UK politicians have been in the spotlight over the past few weeks with their creative use of the parliamentary allowance scheme. “Flipping” was one common way that some found to maximise their allowance income. This involved declaring one of their homes – either in their constituency or in London closer to the House of Commons – as their main residence, then claiming all manner of expenses against their second home. Then they’d “flip” and claim expenses on the other house. This was a really neat, if totally immoral and possibly illegal, way to spend taxpayers’ money. Now they’re being found out and punished.

L&D departments have been ‘”flipping” for years. In some organisations they are moved from being embedded in HR to reporting into the business line and back again on a regular basis. Some also “flip” between local and global accountability as well.

Most L&D “flipping” is an attempt to ensure a better workforce development service to the organisation.

In fact, there’s no right answer – some L&D departments sit in HR and deliver a great service to the business lines, some don’t. Equally, some L&D departments sitting in the business do a great job and others don’t. There’s no structural silver bullet out there.

ACCOUNTABILITY – THE SILVER BULLET

The silver bullet, however, lies in two accountabilities. Firstly, L&D’s ability to be accountable for business results (or organisational results if you’re in a public sector or not-for-profit organisation). Secondly, there’s an equal need for L&D to be accountable for the efficiency and effectiveness of it’s services. If an L&D department is using sub-optimal approaches, flying ILT trainers around the world to deliver content-heavy classes for example, or is developing expensive media-rich eLearning programmes that only small numbers of employees need to use, it will likely be failing to deliver on these two requirements respectively.

A strategic approach (from both top-down and bottom-up) is needed and get both business accountability and an efficient and effective L&D operation in place. The diagram below is an attempt to break out the high-level parts in these accountabilities. [1] standardising; [2] globalising; [3] integrating; [4] aligning; [5] optimising. Focus on these will result in greater likelihood in L&D being able to deliver a service that brings value to the entire organisation.

ALIGNING L&D WITH ORGANISATIONAL STRATEGY

AUTONOMY vs STRATIGIC ALIGNMENT

I spent most of my 8 years as CLO at Reuters involved in L&D transformation in one way or another. One tool I found very useful in planning a structure that would work for the organisation was the ‘C’ curve for an accountability-oriented L&D framework. The Global HR Director at Reuters and I developed this ‘C’ curve for L&D to help us make the initial changes.

We used the ‘C’ curve model to define the journey needed to build an L&D function that was accountable for business results, whose operation was closely aligned with the company’s overall strategy, that embedded the ‘efficiency & effectiveness’ mantra but – at the same time – where the component parts of L&D could have some autonomy to operate and make decisions locally.

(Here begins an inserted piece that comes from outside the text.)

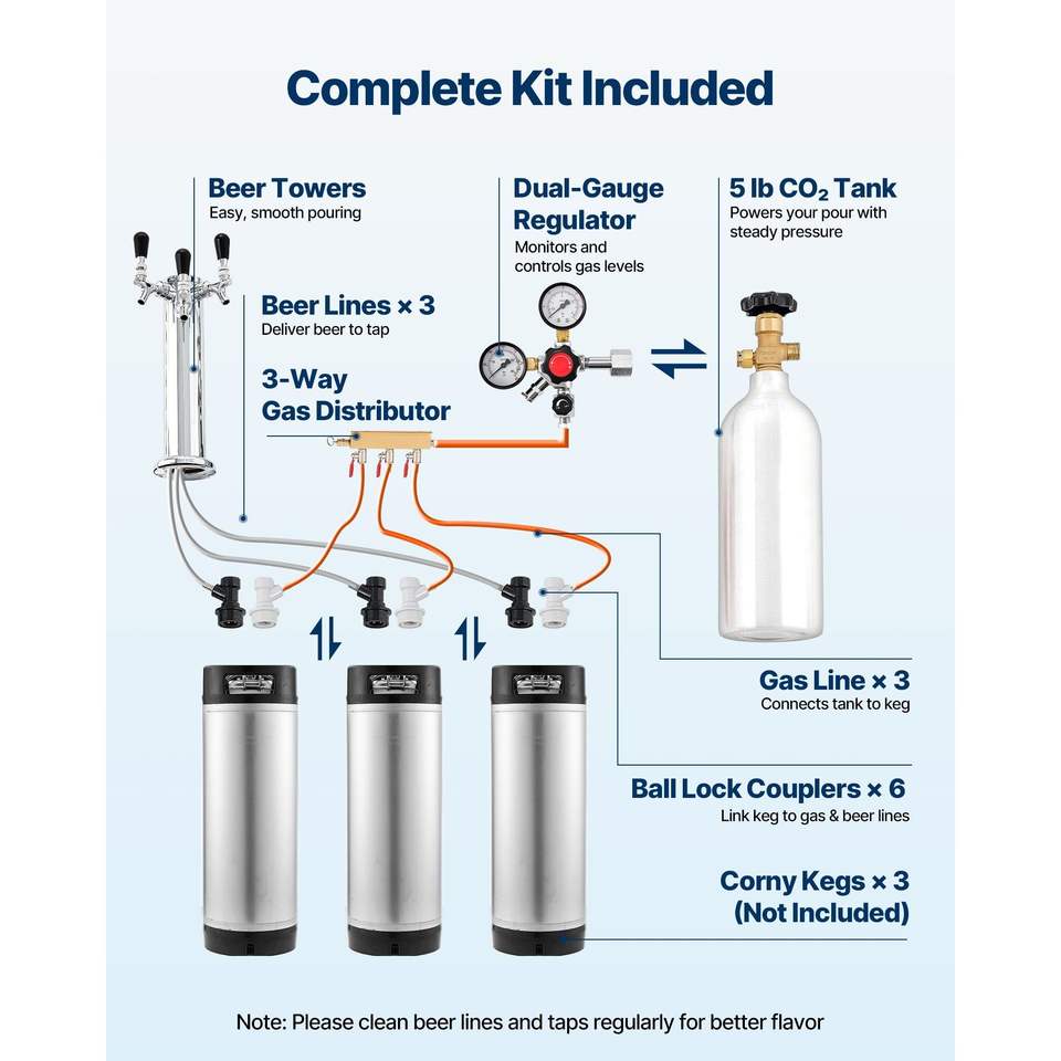 Dispenser Birra Artigianale a Triplo Rubinetto per Casa, con Serbatoio CO2 da 5 libbre e 2 Porta Sfere da 6 Pollici per un Servizio Conveniente

This ultimately resulted in a federated organisational structure – a small core L&D team sitting in the corporate HR centre managing the overall strategy, alignment, standards, infrastructure etc. while the majority of L&D resources (and their budgets) sat in the various business lines delivering operational L&D services to their stakeholders. L&D was held together by a central governance board (mostly senior business managers, but chaired by the HR Director), and functional reporting lines for each of the Heads of Learning (every major business unit had one) into the CLO (my role).

The ‘C’ curve below shows the steps that were taken to move to an accountability oriented structure that worked for us.

Ideally organisations want to move from [1], where pieces of the L&D puzzle are operating autonomously without being strategically aligned, to [4] where they still have a level of autonomy, but are strategically aligned.

Many organisations are still living with [1] and don’t really know how to move away from having a gaggle of un-coordinated L&D/Training groups who are all doing their own ‘thing’ and often competing internally.

The ‘C curve model is a mechanism for making that move.

It’s highly unlikely that a 1->4 move is achievable without the intermediate [2] and [3] steps. That’s the way found it at Reuters. We first needed to bring all the L&D resources (or as many as we could put our arms around) into the corporate centre’s zone of influence – at [2] – and put the ‘twin pillars’ of standards and infrastructure in place. This meant removing the previous autonomy for the sake of alignment. Then we established a solid governance model [3]. Only then could we return autonomy to the groups by restructuring as a federated service, creating the functional Heads of Learning role and moving most of the L&D people into the various business lines.

The result was a structure that worked for the company. Operational L&D was aligned with the business. Business managers chose how to deploy their L&D resources, how to prioritise their L&D budgets etc. At the same time, corporate HR maintained overview of L&D and ensured that strategy, standards and infrastructure services were consistent across the organisation.

As I said, there’s no structural silver bullet, but this model can be very useful as a means to get both alignment and accountability.